**What to produce:** The output must consist only of the lines from the one with "옥외탱크저장소 방유제 용량산정" through the end of the listing, restated exactly and free of pictures.

**Data below:**
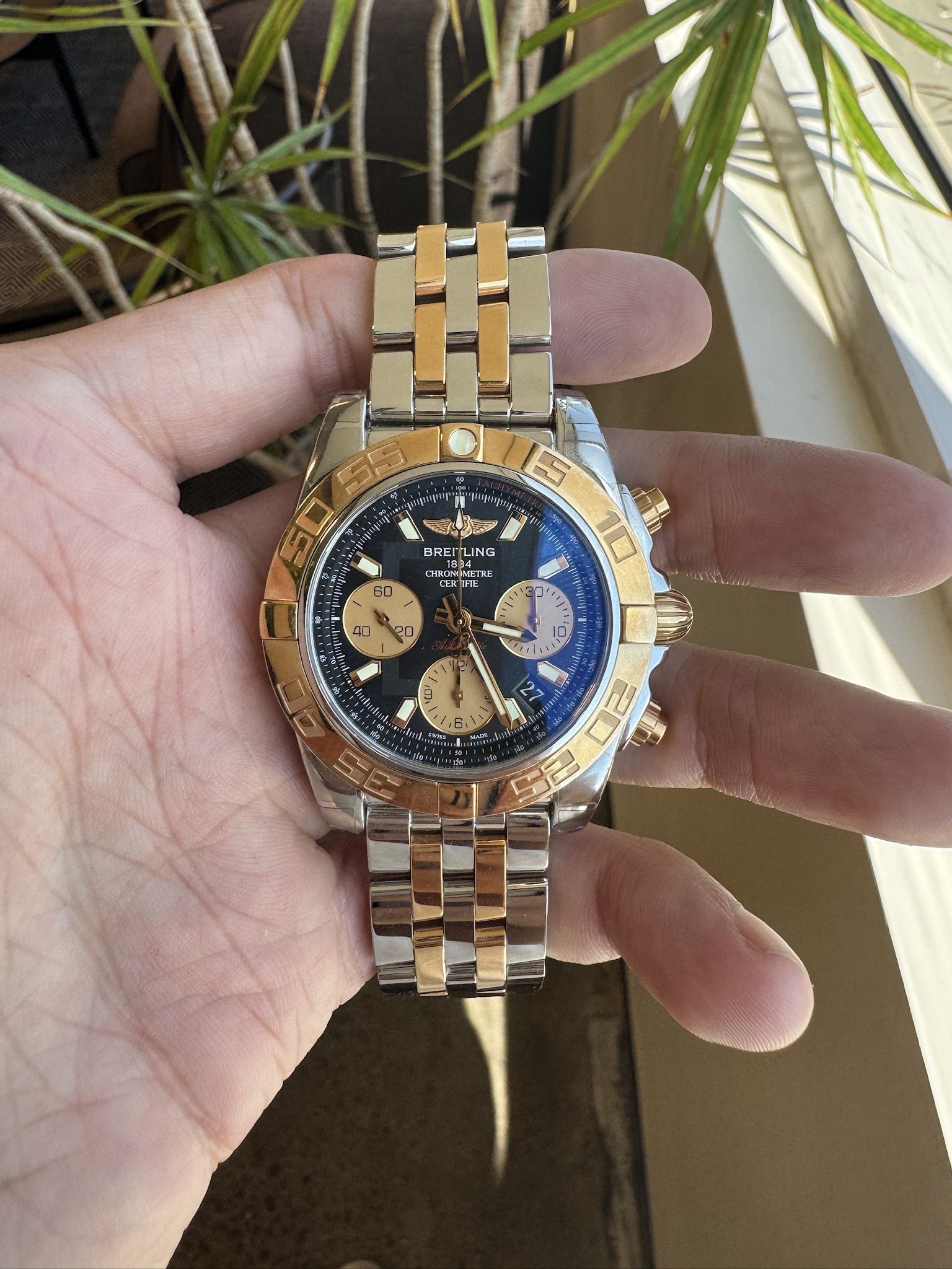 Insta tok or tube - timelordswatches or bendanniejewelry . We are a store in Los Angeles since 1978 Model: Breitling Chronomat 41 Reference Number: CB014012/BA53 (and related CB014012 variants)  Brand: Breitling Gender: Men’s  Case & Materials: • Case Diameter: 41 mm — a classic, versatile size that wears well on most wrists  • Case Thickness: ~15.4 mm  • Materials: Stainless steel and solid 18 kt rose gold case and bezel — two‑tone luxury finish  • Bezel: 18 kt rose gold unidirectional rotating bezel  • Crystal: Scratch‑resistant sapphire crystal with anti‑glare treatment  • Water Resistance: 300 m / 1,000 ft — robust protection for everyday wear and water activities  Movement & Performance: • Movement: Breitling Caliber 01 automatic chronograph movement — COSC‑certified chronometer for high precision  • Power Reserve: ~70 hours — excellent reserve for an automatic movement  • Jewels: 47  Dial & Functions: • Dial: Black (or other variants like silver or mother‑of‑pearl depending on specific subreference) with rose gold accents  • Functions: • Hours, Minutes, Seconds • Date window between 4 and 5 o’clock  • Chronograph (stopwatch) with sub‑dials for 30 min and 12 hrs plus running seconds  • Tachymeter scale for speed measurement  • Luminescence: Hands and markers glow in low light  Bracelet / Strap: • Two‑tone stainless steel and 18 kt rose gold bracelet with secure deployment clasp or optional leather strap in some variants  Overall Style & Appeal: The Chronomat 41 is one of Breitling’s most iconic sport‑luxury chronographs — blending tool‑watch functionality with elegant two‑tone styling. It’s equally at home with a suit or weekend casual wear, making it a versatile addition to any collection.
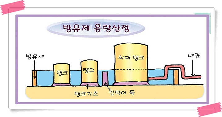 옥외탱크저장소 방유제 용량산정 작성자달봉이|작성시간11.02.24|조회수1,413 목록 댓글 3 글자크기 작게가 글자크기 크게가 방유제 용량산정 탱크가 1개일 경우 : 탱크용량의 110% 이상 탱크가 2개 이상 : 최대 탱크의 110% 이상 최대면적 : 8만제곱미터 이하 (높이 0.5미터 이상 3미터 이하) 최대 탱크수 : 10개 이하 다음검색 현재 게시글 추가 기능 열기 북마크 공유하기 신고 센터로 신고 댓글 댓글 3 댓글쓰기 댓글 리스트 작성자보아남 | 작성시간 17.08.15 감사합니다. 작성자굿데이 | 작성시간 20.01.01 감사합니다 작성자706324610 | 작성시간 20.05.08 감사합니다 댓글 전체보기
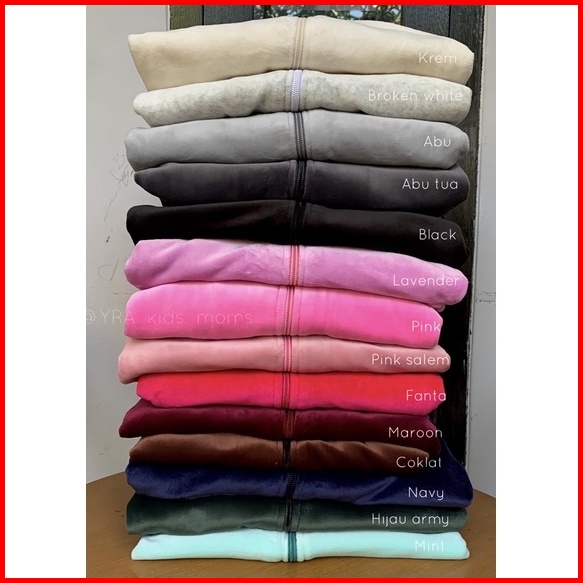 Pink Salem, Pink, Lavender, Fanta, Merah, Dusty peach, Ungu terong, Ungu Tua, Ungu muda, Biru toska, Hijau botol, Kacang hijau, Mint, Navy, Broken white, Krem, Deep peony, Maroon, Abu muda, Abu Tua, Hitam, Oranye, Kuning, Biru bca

**Reply to the exercise:**
 옥외탱크저장소 방유제 용량산정 작성자달봉이|작성시간11.02.24|조회수1,413 목록 댓글 3 글자크기 작게가 글자크기 크게가 방유제 용량산정 탱크가 1개일 경우 : 탱크용량의 110% 이상 탱크가 2개 이상 : 최대 탱크의 110% 이상 최대면적 : 8만제곱미터 이하 (높이 0.5미터 이상 3미터 이하) 최대 탱크수 : 10개 이하 다음검색 현재 게시글 추가 기능 열기 북마크 공유하기 신고 센터로 신고 댓글 댓글 3 댓글쓰기 댓글 리스트 작성자보아남 | 작성시간 17.08.15 감사합니다. 작성자굿데이 | 작성시간 20.01.01 감사합니다 작성자706324610 | 작성시간 20.05.08 감사합니다 댓글 전체보기
 Pink Salem, Pink, Lavender, Fanta, Merah, Dusty peach, Ungu terong, Ungu Tua, Ungu muda, Biru toska, Hijau botol, Kacang hijau, Mint, Navy, Broken white, Krem, Deep peony, Maroon, Abu muda, Abu Tua, Hitam, Oranye, Kuning, Biru bca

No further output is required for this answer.